[Courtesy of Tipitina's Record Club]

Sister Gertrude Morgan – "Let’s Make A Record" Album Review

16:00 July 15, 2024
By: Jeffrey Sladkus

Tipitina's Record Club Album Review

Sister Gertrude Morgan was born to a poor farming family in Alabama in the year 1900. As a child, Sister Gertrude's love for creating art and music flourished, as well as her love for the Baptist Church.

In 1934, Sister Gertrude experienced the first of several revelations that she'd have throughout her life where she was commanded to abandon her secular youth in order to sing and preach the gospel. Three years later, Sister Gertrude experienced another revelation to "go and preach, and tell it to the world." This led her on a journey that would ultimately bring her to New Orleans, where she opened an orphanage and morphed into a megaphone-wielding street corner preacher.

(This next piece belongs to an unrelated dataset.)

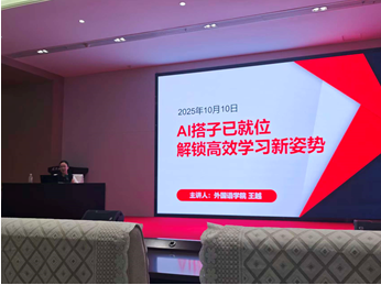10月10日下午,活动周重要环节之一“AI搭子已就位:解锁高效学习新姿势”专题讲座在学校建全会堂全棉时代厅顺利举行。本次讲座由英语系教研室主任王越老师主讲,围绕人工智能的基本概念、发展历程及其在外语学习中的实际应用展开深入讲解。

While Sister Gertrude roamed the streets of New Orleans shouting her spirituals, painting remained an integral part of her life. During this period, she created unique pieces of artwork on non-traditional surfaces such as toilet rolls, pitchers, scrap wood, lampshades, and fans using tools such as acrylics, pens, lead pencils, watercolors, crayons, and felt tipped markers. After a fortunate encounter with E. Lorenz "Larry" Borenstein, a local art gallerist and co-founder of Preservation Hall, Sister Gertrude began displaying her art in Borenstein's gallery.

Enthralled by her skills as an artist, orator, and performer, Borenstein hired a British sound engineer in 1970 to record Sister Gertrude in a session that resulted in the album Let's Make a Record. Driven by her percussive and hypnotic tambourine, Sister Gertrude's wholly improvised tracks incorporate themes of optimism and hope, interpretations of familiar hymns, as well as moments of humor. Resonating in its simplicity and sung with the fierce certainty in which they're delivered, each track is captivating in its own right.

[Courtesy of Tipitina's Record Club]

With its availability plagued by limited releases, Tipitina's Record Club has re-issued Let's Make a Record to reintroduce the world to Sister Gertrude. The cover artwork is also an original painting by Sister Gertrude, which in and of itself is worth the price. As always, Tipitina's Record Club produced an extremely informative and enjoyable podcast discussing Sister Gertrude and this album that is well worth listening to.

With this latest installment, Tipitina's Record Club continues to release high quality recordings of NOLA-based musicians that are not only treasures for those who know them but also serve as great introductions of this important music to the next generation of listeners.